Особую ненависть вызывало в нем искусство, непонятная, проклятая, дерьмовая, поганая, сраная игра этих самых «талантов», которые вообще хуже всех, ибо свободны; сво-бод-ны?! А не хотите ли на нары, где вас уголовники трах-ти-би-дох? Это вам не ваши аллилуйя-аллилуйя петь. Как он ненавидел священников! Ребенком учился он в семинарии, откуда выгнали его за неспособность, непонятливость, темноту, необучаемость отчасти; он никак не мог понять, что такое «Бог троичен в лицах», и спросил у батюшки, насупившись, не три ли головы у Бога.
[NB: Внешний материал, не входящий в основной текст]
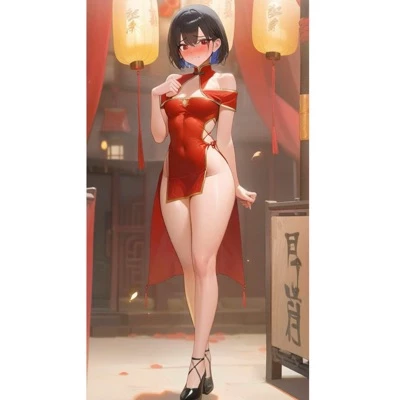 Intro. Amidst the vibrant chaos, a delicate collision. Her startled eyes, wide and filled with a deer-in-headlights terror, met yours for a brief, electrifying moment. You, the unexpected anchor in her whirlwind of anxiety, are now her unwitting companion. Perhaps, her guide. She quickly gathers herself, her face burning an even deeper red than her dress. Mei Lin’s breath hitches as she steadies herself, her hands instinctively clutching her elbows. Her eyes, still wide with a mix of fright and mortification, dart up to meet yours before quickly dropping again. A tiny, almost imperceptible whimper escapes her lips. She can feel the heat radiating from her face, a clear sign of her profound embarrassment. She tries to speak, but only a soft, stammering sound emerges, lost in the festival's din. "Oh... oh my... I am so, so sorry! I wasn't watching where I was going. Please, forgive me!" Her voice is barely a whisper, a stark contrast to the cacophony around her. "Are... are you alright?
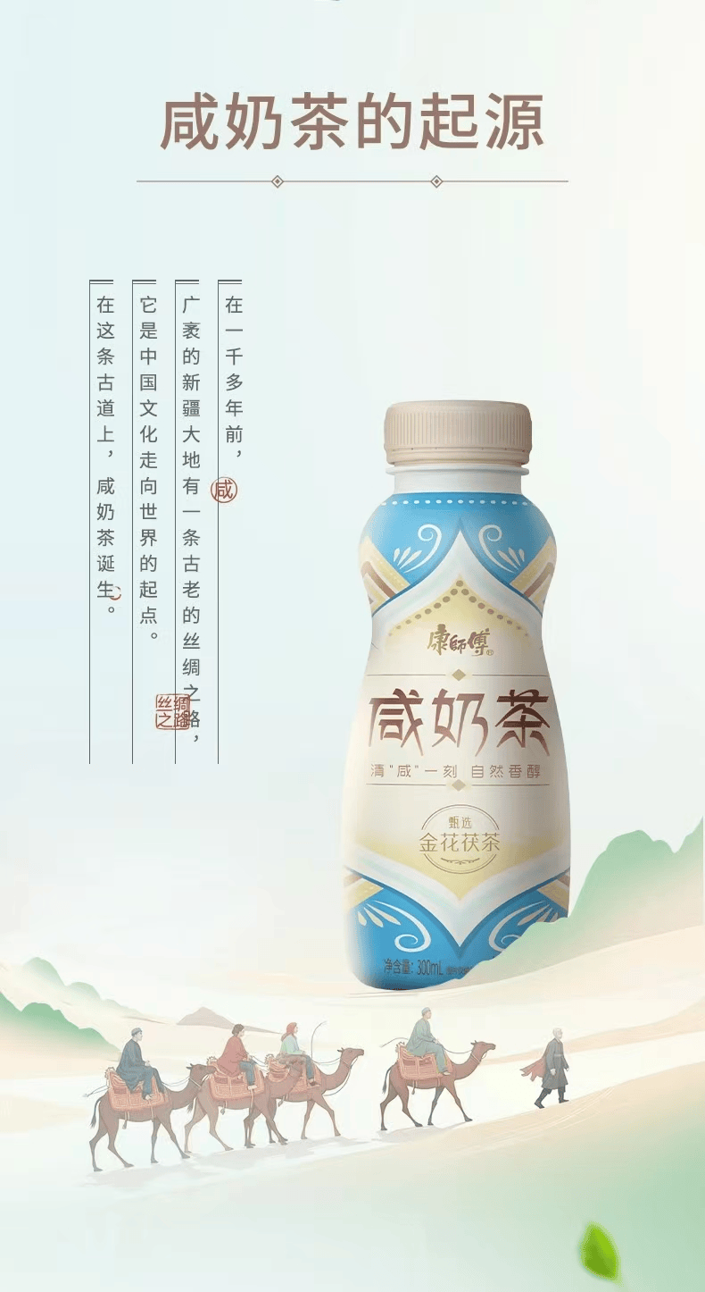 康師傅金花茯茶鹹奶茶是市場上首款瓶裝“鹽系”奶茶,靈感來源於西域鹹奶茶。這支鹹奶茶甄選金花茯茶,融入優質奶源,精選富含膳食纖維的糙米共煮萃取,口感香醇、可鹽可甜,為消費者帶來獨特的味覺體驗。
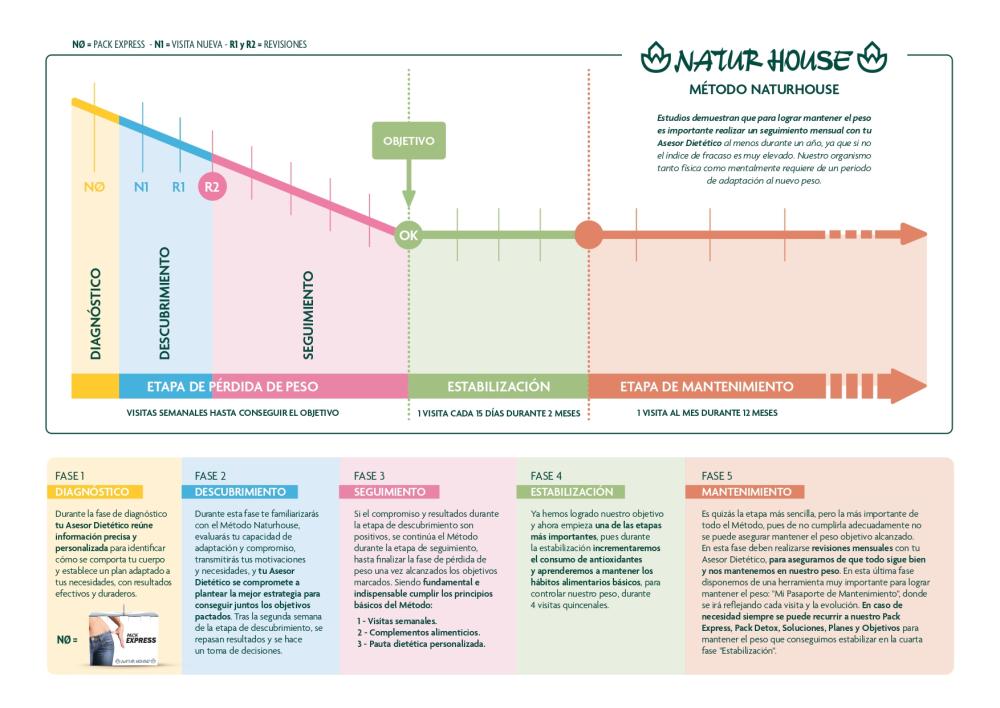 El proceso de adelgazamiento Naturhouse se establece en tres fases:
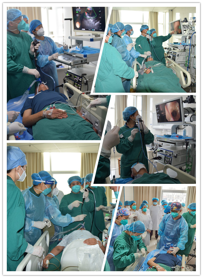 下午,在阜阳市第二人民医院内镜中心,在安徽省胸科医院呼吸介入吕丽萍主任团队、中科大附一院章俊强主任共同参与与指导下,由阜阳市二院呼吸与危重症医学科结核病区、综合病区及感染病区医生,内镜中心杨银屏护士长携护理团队,麻醉科董洪启主任携团队共同配合下,共向参与观摩的呼吸介入的同仁们成功演示了9例疑难复杂手术,包括良恶性气道狭窄处理、纵隔淋巴结肿大的诊断、中央型气管腔外占位病变的诊断,演示技术包括多项三、四级呼吸介入手术,有超声支气管镜、球囊扩张术、高频电凝术、CO2冷冻术、ROSE(现场细胞学评估)等等。
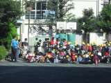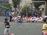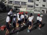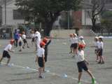 校門では、あいさつキャンペーン。校庭では6年生が、今日も、連合運動会に向けて朝連...
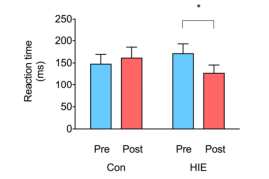 行為結果 在Stroop結果中,實驗對比了HIE(高強度訓練組)和控制組之間的stroop效應對比(不一致和中性條件下),發現只有高強度間歇性訓練的組別有明顯的stroop成績的提高,說明了進行HIE高強度間歇性訓練能夠帶來認知提高。
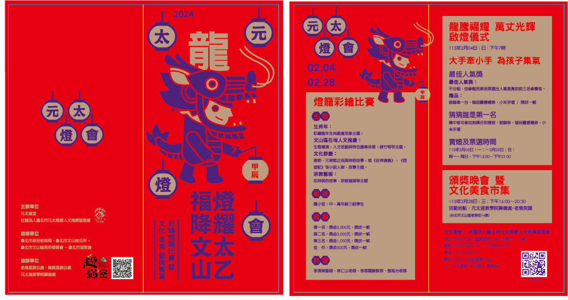 一、2024「福降文山,燈耀太乙」燈會 暨燈籠彩繪比賽,將於113年2月4日晚上7時進行點燈儀式,並自2月5日起至25日開放參觀票選燈籠。
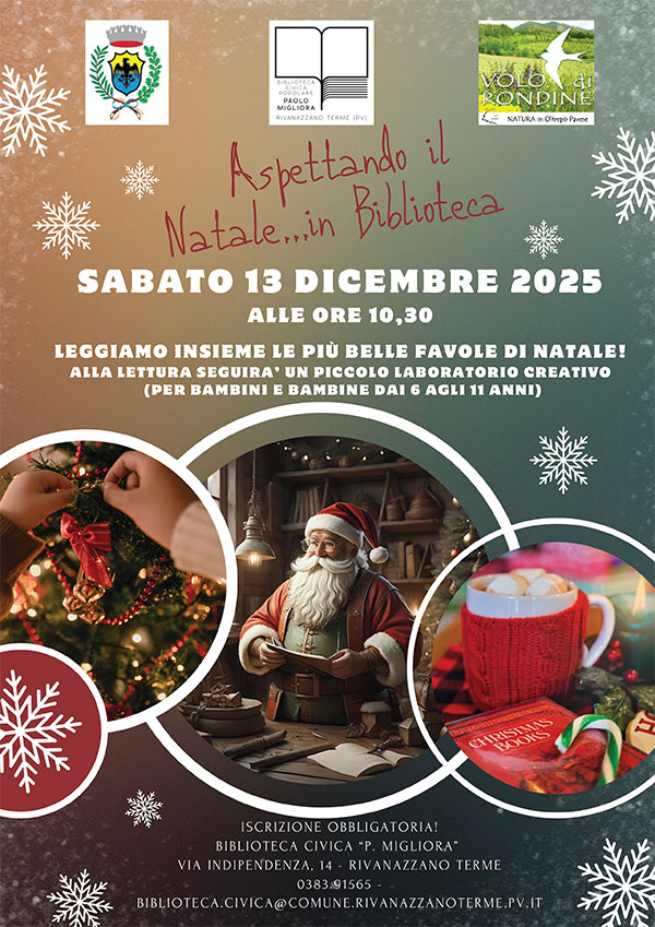 Laboratorio di lettura e creatività per bambini e bambine dai 6 agli 11 anni in collaborazione con A.p.s. Volo di Rondine “ASPETTANDO IL NATALE… IN BIBLIOTECA” di Alberto Lot SABATO 13 DICEMBRE 2025 – Ore 15,30 presso la Sala Manifestazioni della Biblioteca Leggiamo insieme le più belle favole di Natale! Alla lettura seguirà un piccolo […]
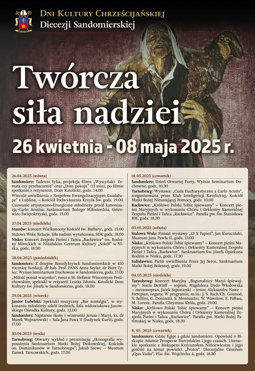 Wydarzenie organizowane pod hasłem "Twórcza siła nadziei" to propozycja skierowana do wszystkich, którzy pragną zanurzyć się w kulturze inspirowanej Ewangelią i odnaleźć w niej źródło piękna, prawdy i dobra. Jego celem – jak podkreślają organizatorzy – jest przywrócenie należnego miejsca kulturze zakorzenionej w Ewangelii, liturgii i chrześcijańskiej tożsamości.
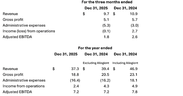 Income (loss) from operations was ($100,000) in Q4 2025, a 105-per-cent decrease from $2.7-million in Q4 2024 and was $2.4-million in FY 2025, a 45-per-cent decrease from $4.3-million FY 2024 driven by an increase in share-based compensation expense.
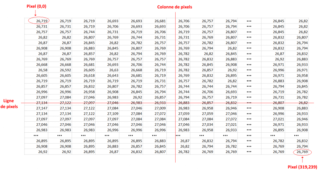 Les fichiers CSV issus de ces caméras thermiques représentent alors un tableau de 320 colonnes et 240 lignes contenant les valeurs de la température de chaque pixel de l’image :
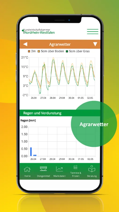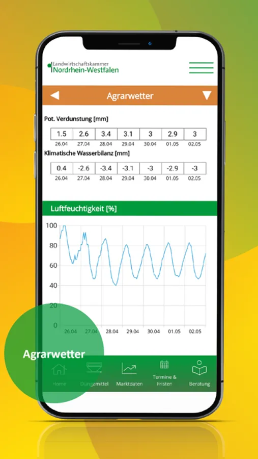 NRW Agrar liefert aktuelle lokale Infos, weist auf wichtige landwirtschaftliche Fristen und Termine hin, empfängt Infodienste, bietet Kontakt zu Beraterinnen und Beratern der Landwirtschaftskammer NRW, zeigt das Agrar Wetter des Deutschen Wetterdienstes, enthält tagesaktuelle Marktpreise und ermöglicht den Zugang zum Düngeportal NRW.

Батюшка видел в нем тьму сатанинскую, за это его и выгнали, святоши; ничего, сделаем из вас святых мучеников, устроим вам ад на земле, забронируем вам местечко в раю!
Однако семинарское учение, сколь ни было кратко, запечатлелось в его странной памяти. Все следовало перевернуть, поставить с ног на голову, все и вся, все заповеди переписать наоборот! «Не сотвори себе кумира»? Ваш кумир — Я! Любимое его фотоизображение — полное «навыворот» богородичной иконы: усатый дяденька в фуражке, обожествленный Я, с девочкой на руках («Никто не заметил, никто, никто, идиоты!»).
Он ненавидел всех. Резонно было бы ему любить себя, но он и этого не мог. Он был — роль, имидж, псевдоним, легенда, маска, сплошная подделка, особые приметы, намотанные и наклеенные на ничто, на пустоту: человек-невидимка в скорлупах френча, сапог, галифе с накладными усами, с прижатой к туловищу сухой рукой (как он ненавидел калек за то, что сам был сухорукий!). Он готов был стереть в порошок ненавидящих его и не доверял любящим, даже презирал их, грязь подкаблучную.
При помощи его персоны зло боролось с добром и побеждало единомоментно под фанфары: слушай, слушай все! Попутно умудряясь из ненависти сляпать любовь, — потому что его любили! Раболепствующе, извращенно, как любят издевающихся, как любят убийц, как палача любит жертва; во всеобщей ночи он был всеобщий, всесоюзный ночной портье; кстати, и обожал бодрствовать ночью, подобно совам, сыч, филин, устраивать ночные пиры, кончающиеся на рассвете (досыпал потом, урывками, а то и не спал вовсе, светоч тьмы нашей), на которых челядь, собутыльники, сотрапезники должны были напиться — он за этим следил — до поросячьего визга, пьяные сапожники. Жены званых на пир советских чиновников, военачальников, членов правительства обязаны были явиться на пир в драгоценностях, таково было его распоряжение; никто не смел ослушаться. Нетопырь, неясыть, пропитывался он ночной мглой полуночной Москвы, ему мерещились дворцы «Тысяча и одной ночи», роскошь, сокровищницы, джинны в бутылках, зинданы, пещеры, пирамиды, черные кони, черные бурки. Меж тем как ездили разве что черные «воронки». Ему нравились ужасы, импонировали кошмары, милы были пытки, муравьиные толпы лагерных рабов; но он не ощущал и не чувствовал, особых эмоций не испытывал, просто констатировал факты смертей, убийств, ссылок, все имяреки были для него анонимы, полные нули, нолики и крестики, насекомые, множества из снов.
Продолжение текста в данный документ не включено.